In the equation, lumbar length ([L.sub.2]) is the distance from the [L.sub.1] to the [S.sub.1] mark and lumbar width ([H.sub.2]) is the greatest width from the lumbar curve to the vertical line. For conversion of this angle to the Cobb's equivalent, the correction with the linear transformation formula was done:
[CA.sub.L] = 0.7702 [FA.sub.L] + 9.6924
([CA.sub.L], cobb's angle for lordosis; [FA.sub.L], flexible ruler angle for lordosis) (10).
Again, the average of three-lordosis angles was used. Regarding the acceptable range of spinal kyphosis or lordosis angles, there are conflicting reports in the literature. The accepted ranges for normal thoracic kyphosis and lumbar lordosis have been reported between 20 to 50 degrees and31 to 79 degrees (from L1 to S1), respectively (34). In the present study, we labeled the faulty postures as hyper kyphosis and hyperlordosis when the measured Cobb's angles exceeded two standard deviations more than reported adult norms for thoracic and lumbar curve angles. Accordingly, figures of 50 and 60 degrees were considered as cut-off points, respectively (35, 36). Additionally, although there is a positive correlation between thoracic kyphosis and lumbar lordosis, (37) we considered their prevalence separately in the present study. The study was approved by the Research Ethics Committee of Tehran University of Medical Sciences.
3.1. Statistical Analysis
Data were analyzed using SPSS version 17. Baseline data was computed as prevalence. The between- groups differences were assessed using Chi-square and Fisher exact test. Independent sample t-test and One Way ANOVA were used to detect association between quantitative and descriptive parameters. Moreover, Simple Luminal Logistic Regression Analysis was performed to evaluate the individual characteristics and some associated factors at work on the occurrence of abnormal postures. The important confounders of gender and age were always included in each model, regardless of their significance. These analyses were carried out separately for postural disorders. Relevance odds ratio with 95% confidence intervals (95% CI) were calculated as a determinant of association. P < 0.05 was considered statistically significant.

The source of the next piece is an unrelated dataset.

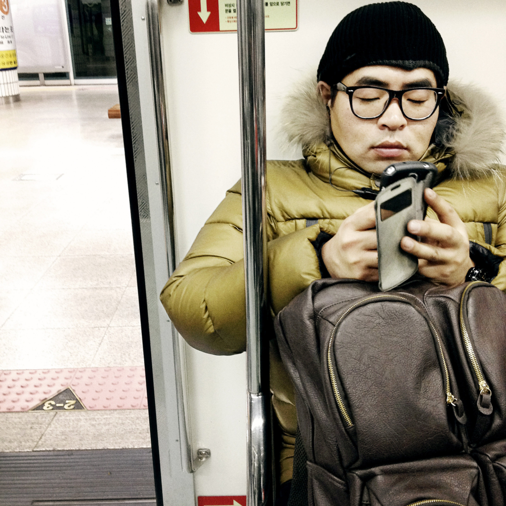 C’est lors d’un voyage professionnel à Séoul, en 2014, que lui vient l’idée de développer le projet Disconnecting People, introspection photographique dans l’univers du métro coréen.

Ninety six dental staff of Tehran University of Medical Sciences including 53 females (55.2%) and 43 males (44.8%) were recruited in this study. Participants consisted of general dentists and senior students (40.7%) and specialists in different fields of prosthetics (14.6%), pediatric dentistry (12.5%), endodontic (7.3%), periodontics (7.3%), orthodontics (7.3%), restorative dentistry (6.3%) and radiology (2.1%). Among the participants, 85 (88.5%) and 11 (11.5%) persons were right and left-handed, respectively. Basic characteristics of the participants are shown in Table 1.
Regarding work-related MS pain, almost 59.4% of subjects suffered from this type of pain. The most common sites of pain were neck 41 (42.7%), low back 39 (40.6%), shoulder 24 (25%) and hand 23 (24%). Concerning the prevalence of common postural disorders, FHP was the most prevalent abnormal posture (85.4%), followed by rounded shoulder (68.8%), scoliosis (18.8%) and hyperlordosis (17.3%). No case of hyper kyphosis was identified (Figure 1). Kyphosis and lordosis angles measured by Flexicurve and Cobb's equivalent are shown in Table 2.
The correlations were observed between scoliosis and gender (weight-adjusted OR= 0.13) (P = 0.009; 95%CI = 0.07 - 0.74) and hyperlordosis and weight (P = 0.007; 95%CI = 1.9 15). In addition, alternative analysis with Fisher's exact test showed significant correlation between gender and FHP (P = 0.04; 95%CI = 0.07 - 1.1). However, no significant correlations were found between identified postural abnormalities and probable associated factors such as dominant hand, academic grade, specialty, dental work experience, and weekly working hours (P > 0.05).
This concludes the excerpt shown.